▸ Directions: Every line below from the one with "Statistics of differentially" through the one with "老搭档🫶詹姆斯抵达名人堂现场,与前队友波什开心握手~" is to be repeated exactly, with no picture among them.

▸ Exercise material:
++++++
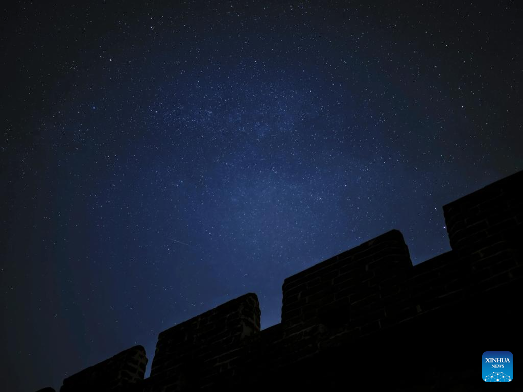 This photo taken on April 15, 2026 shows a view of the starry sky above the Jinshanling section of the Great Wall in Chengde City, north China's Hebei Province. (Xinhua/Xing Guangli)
++++++
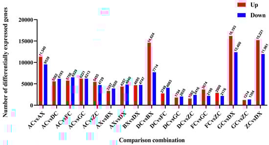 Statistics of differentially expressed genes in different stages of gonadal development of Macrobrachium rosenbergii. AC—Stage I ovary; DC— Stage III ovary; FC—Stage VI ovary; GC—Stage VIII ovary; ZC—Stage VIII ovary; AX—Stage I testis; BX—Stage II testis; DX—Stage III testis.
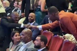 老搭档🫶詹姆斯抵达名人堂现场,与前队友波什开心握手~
++++++
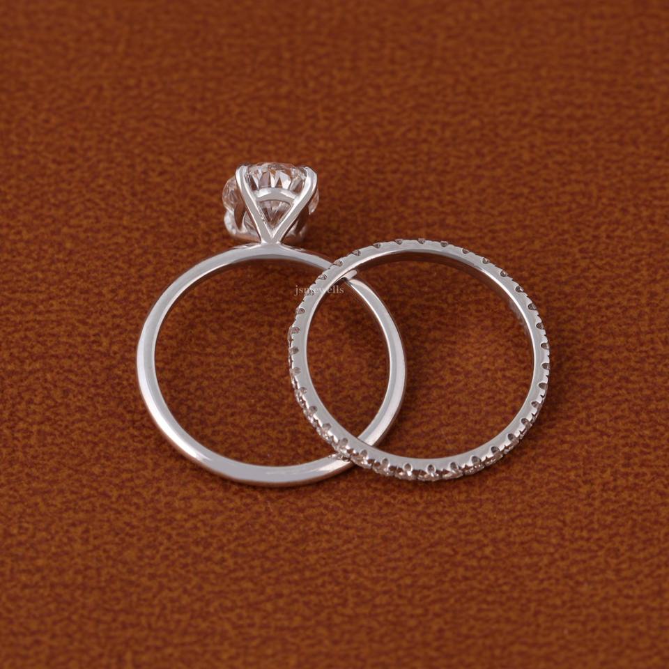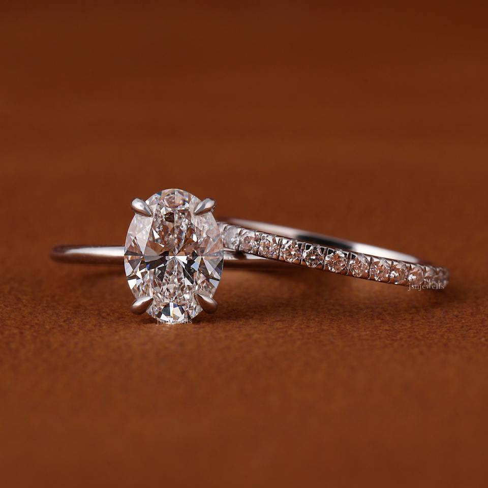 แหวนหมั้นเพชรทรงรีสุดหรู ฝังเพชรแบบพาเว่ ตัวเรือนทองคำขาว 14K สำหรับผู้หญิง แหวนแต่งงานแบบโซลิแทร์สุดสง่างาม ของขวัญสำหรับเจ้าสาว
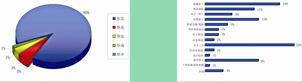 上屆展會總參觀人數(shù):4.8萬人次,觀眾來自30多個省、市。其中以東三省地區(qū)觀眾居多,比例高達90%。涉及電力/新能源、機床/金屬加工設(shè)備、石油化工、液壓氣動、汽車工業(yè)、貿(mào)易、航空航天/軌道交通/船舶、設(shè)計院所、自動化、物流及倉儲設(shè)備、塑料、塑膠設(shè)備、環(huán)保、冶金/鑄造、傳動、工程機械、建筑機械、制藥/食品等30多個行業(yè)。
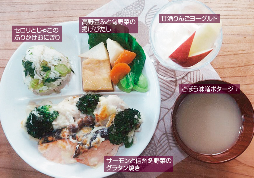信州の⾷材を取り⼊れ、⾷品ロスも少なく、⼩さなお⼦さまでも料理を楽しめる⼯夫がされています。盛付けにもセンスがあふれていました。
++++++
▸ Answer box:
 Statistics of differentially expressed genes in different stages of gonadal development of Macrobrachium rosenbergii. AC—Stage I ovary; DC— Stage III ovary; FC—Stage VI ovary; GC—Stage VIII ovary; ZC—Stage VIII ovary; AX—Stage I testis; BX—Stage II testis; DX—Stage III testis.
 老搭档🫶詹姆斯抵达名人堂现场,与前队友波什开心握手~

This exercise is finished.